In 1817, however, the relatives of a woman who had been murdered, being dissatisfied with the acquittal of a man who had been indicted as her murderer, sued out "an appeal of murder" against him, on which he claimed to have the appeal decided by "wager of battle," and threw down a glove on the floor of the court to make good his challenge.
The claim was protested against by the prosecutor; but Lord Ellenborough, the Chief-justice, pronounced judgment that, "trial by battle having been demanded, it was the legal and constitutional mode of trial, and must be awarded.

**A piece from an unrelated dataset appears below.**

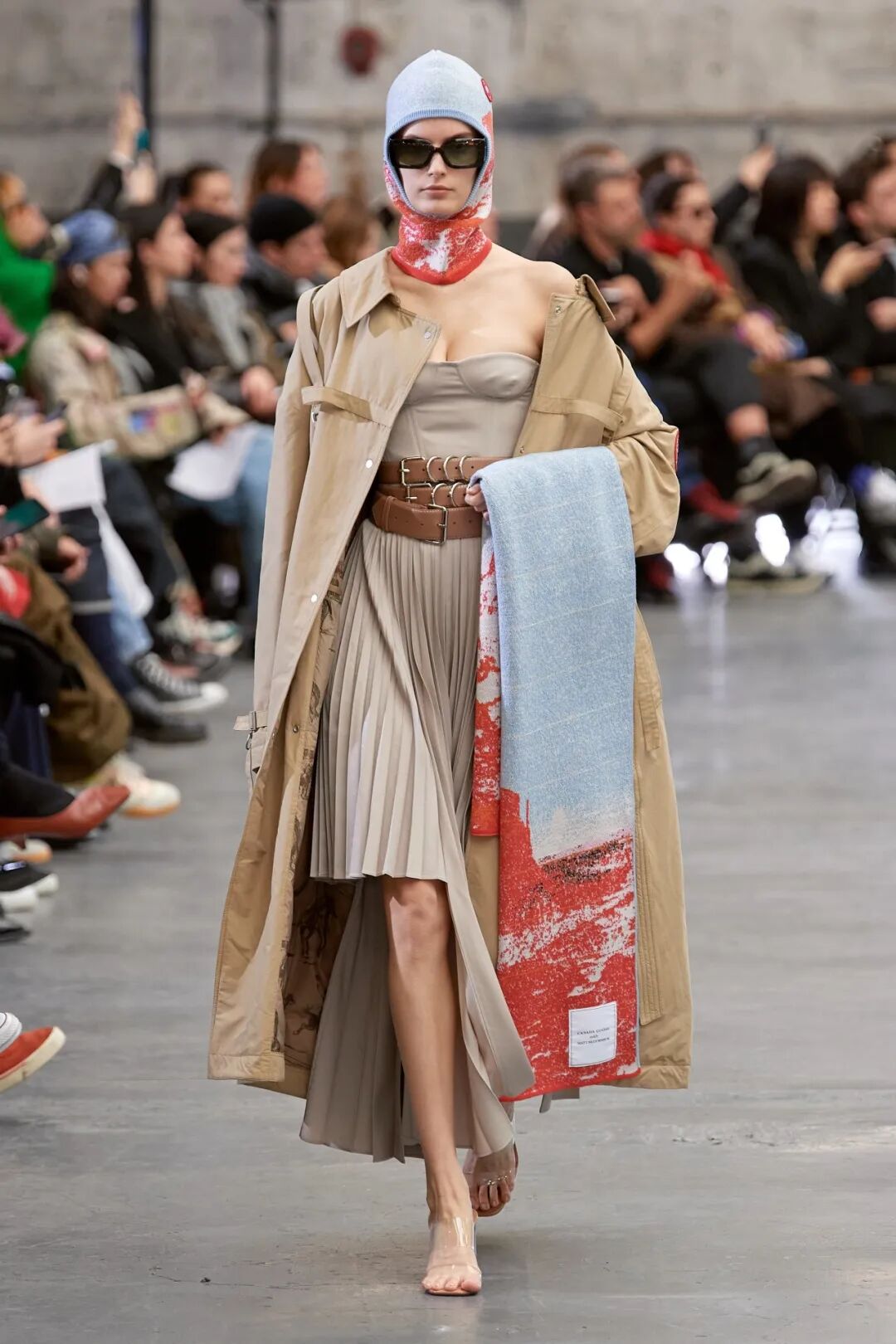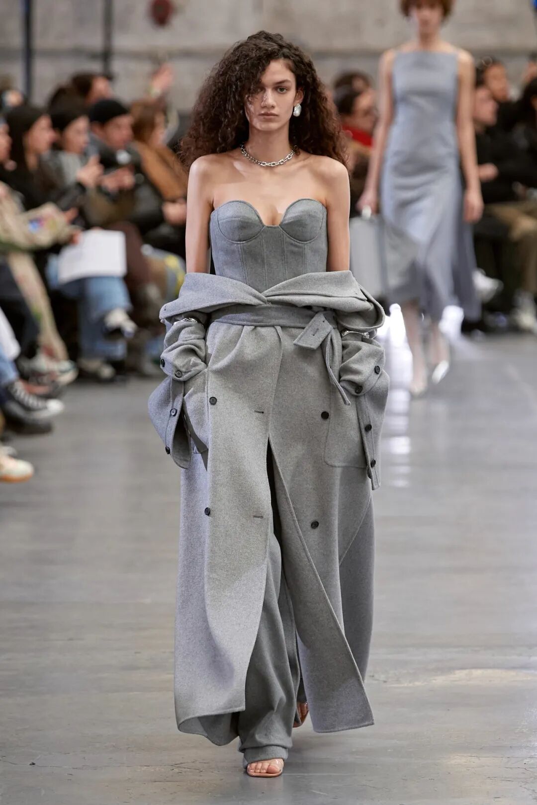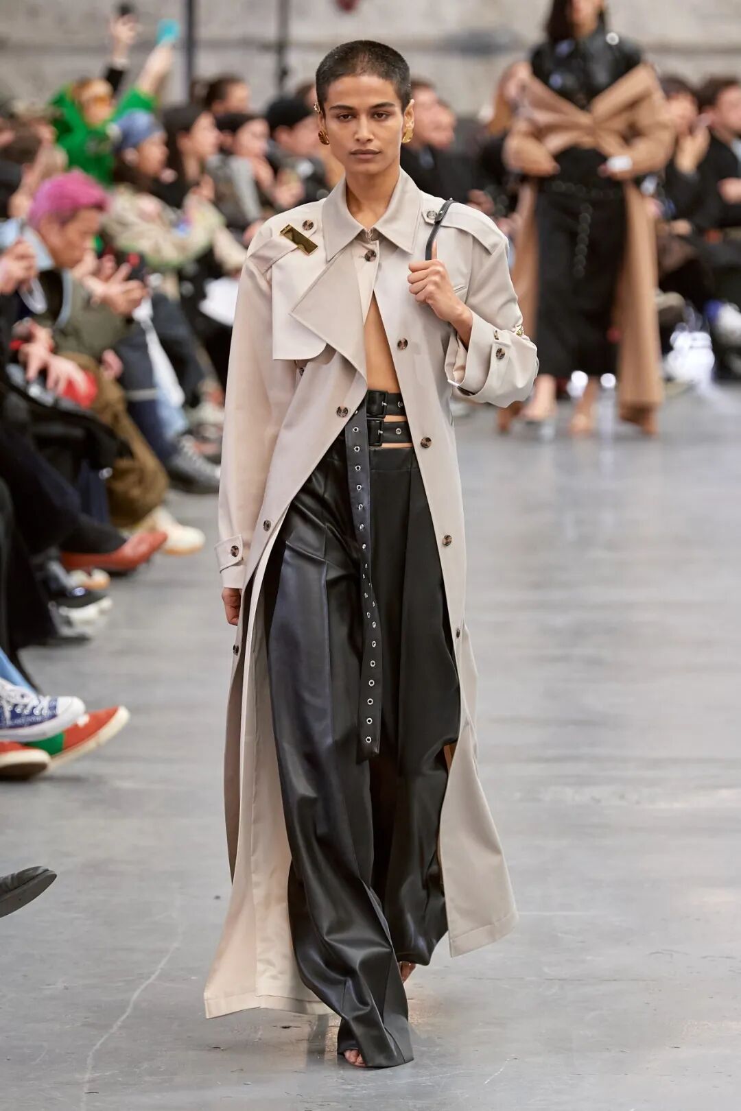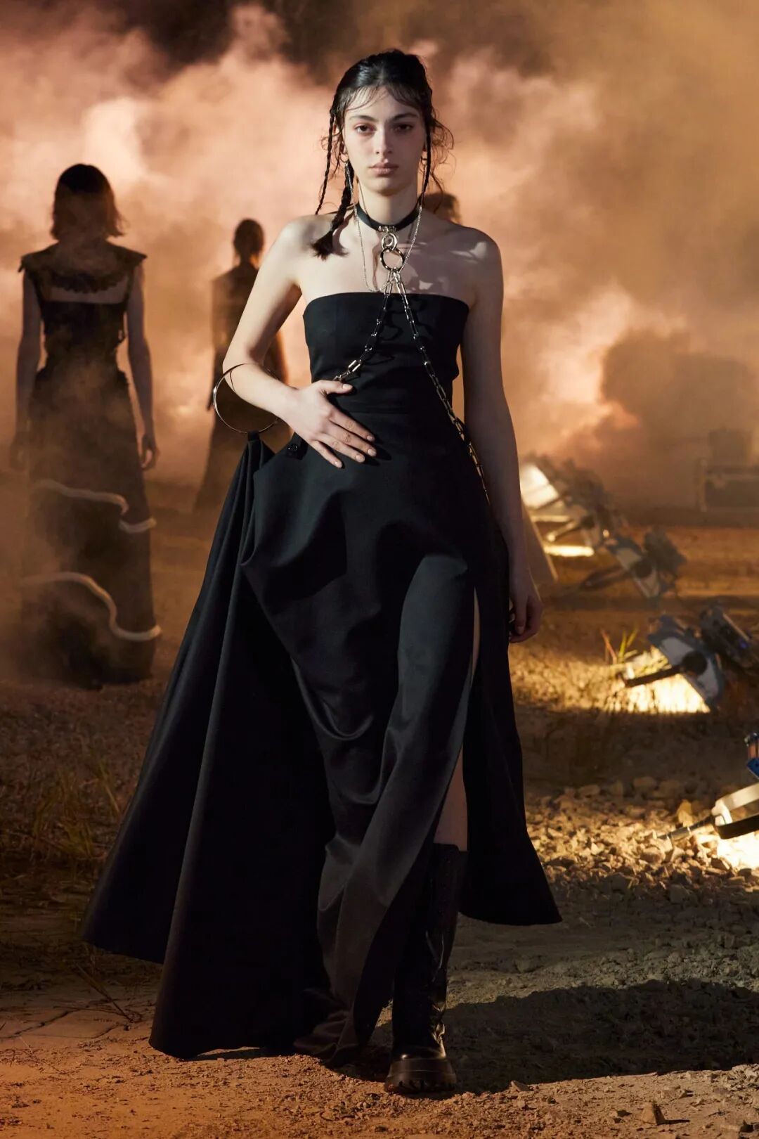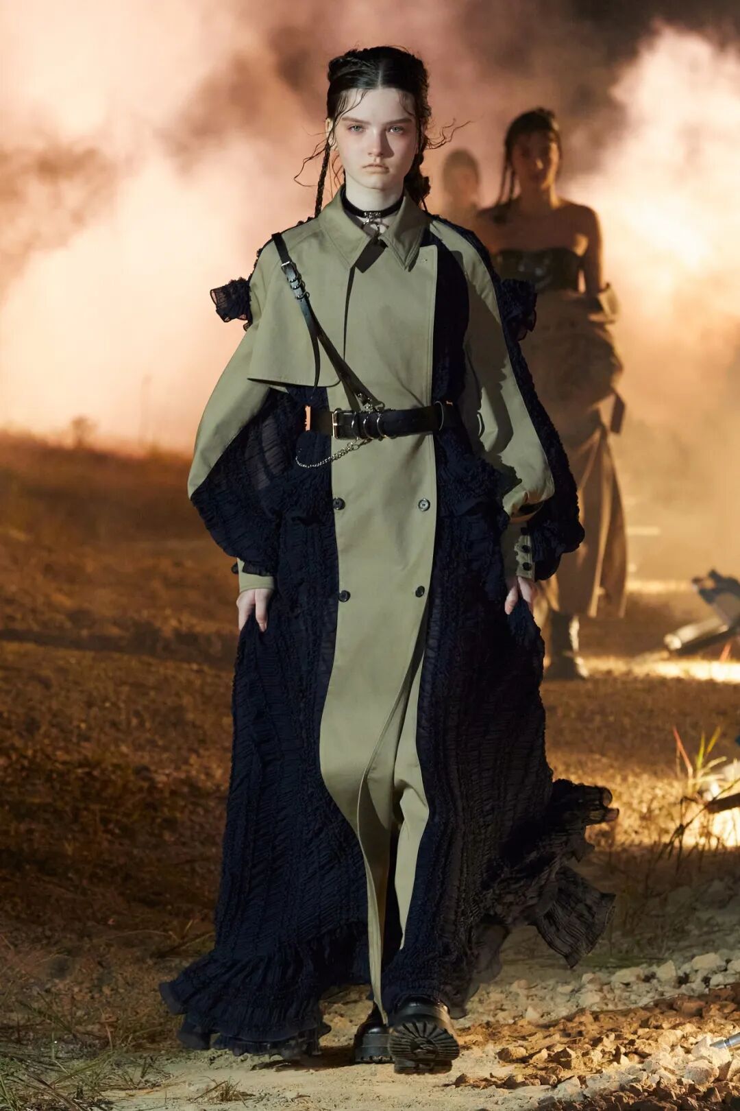叠穿扭曲的风衣和多层的裤腰,延续了Rokh的品牌基因,对于解构和面料材质对比的熟练运用。往季中常见的金属部件和多条装饰的腰带,在本季依然在整个系列的服装展示中占据着大众的视线。
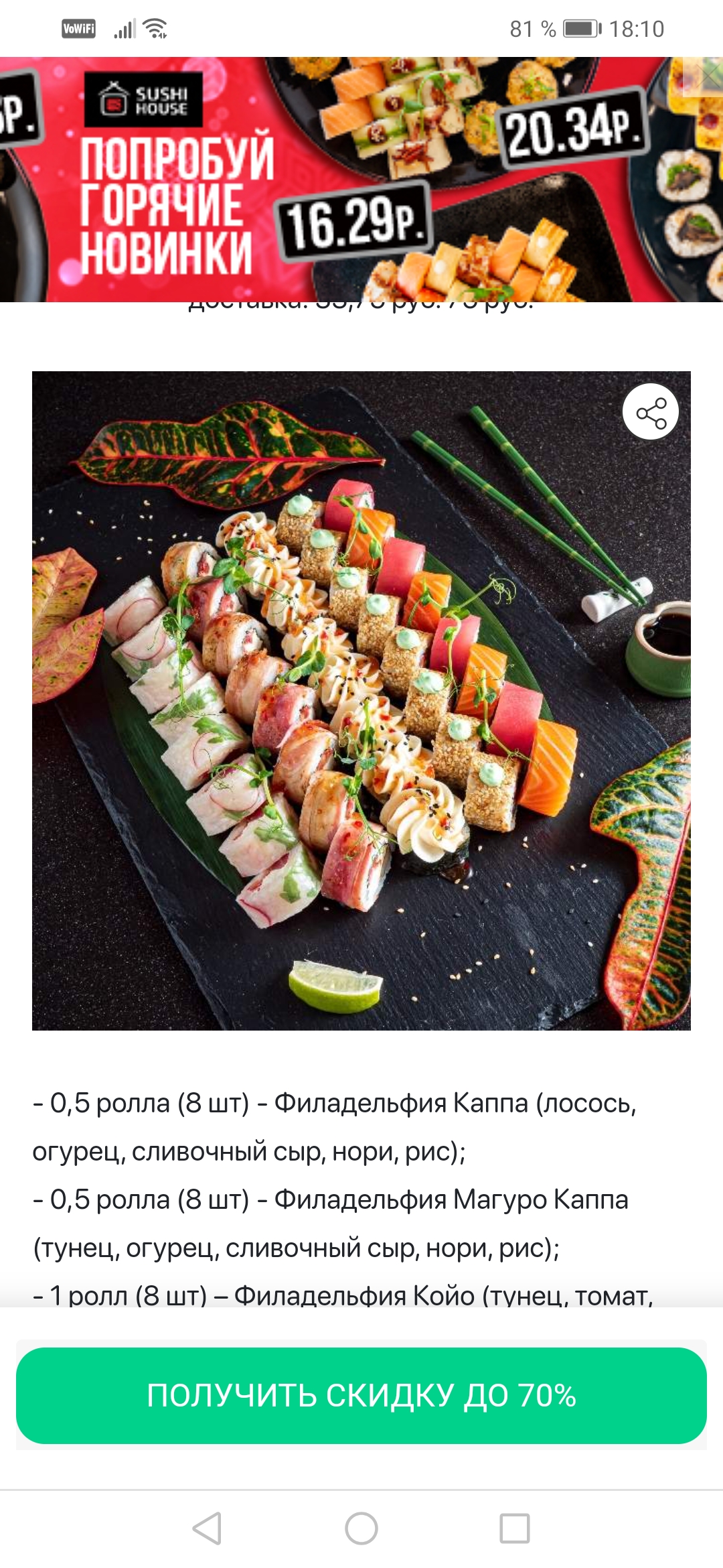 - суши-сеты: от 22 р. от 46 р.

It was the duty of the judges to pronounce the law as it was, and not as they might wish it to be."[188] He gave sentence accordingly; and, had the two parties been of equal stature and strength, the Judges of the Common Pleas might have been seen, in their robes, presiding from sunrise till sunset over a combat to be fought, as the law prescribed, with stout staves and leathern shields, till one should cry "Craven," and yield up the field.

Fortunately for them, the alleged murderer was so superior in bodily strength to his adversary, that the latter declined the contest.

But the public advancement of the claim for such a mode of decision was fatal to any subsequent exercise of it; and, in spite of the Common Council of London, who, confiding, perhaps, in the formidable appearance presented by some of the City Champions on Lord Mayor's Day, petitioned Parliament to preserve it, the next year the Attorney-general brought in a bill to abolish it, and the judges were no longer compelled to pronounce an absurd sentence in obedience to an obsolete law, framed at a time when personal prowess was a virtue to cover a multitude of sins, and might was the only right generally acknowledged.
The foundation, too, was laid for other reforms.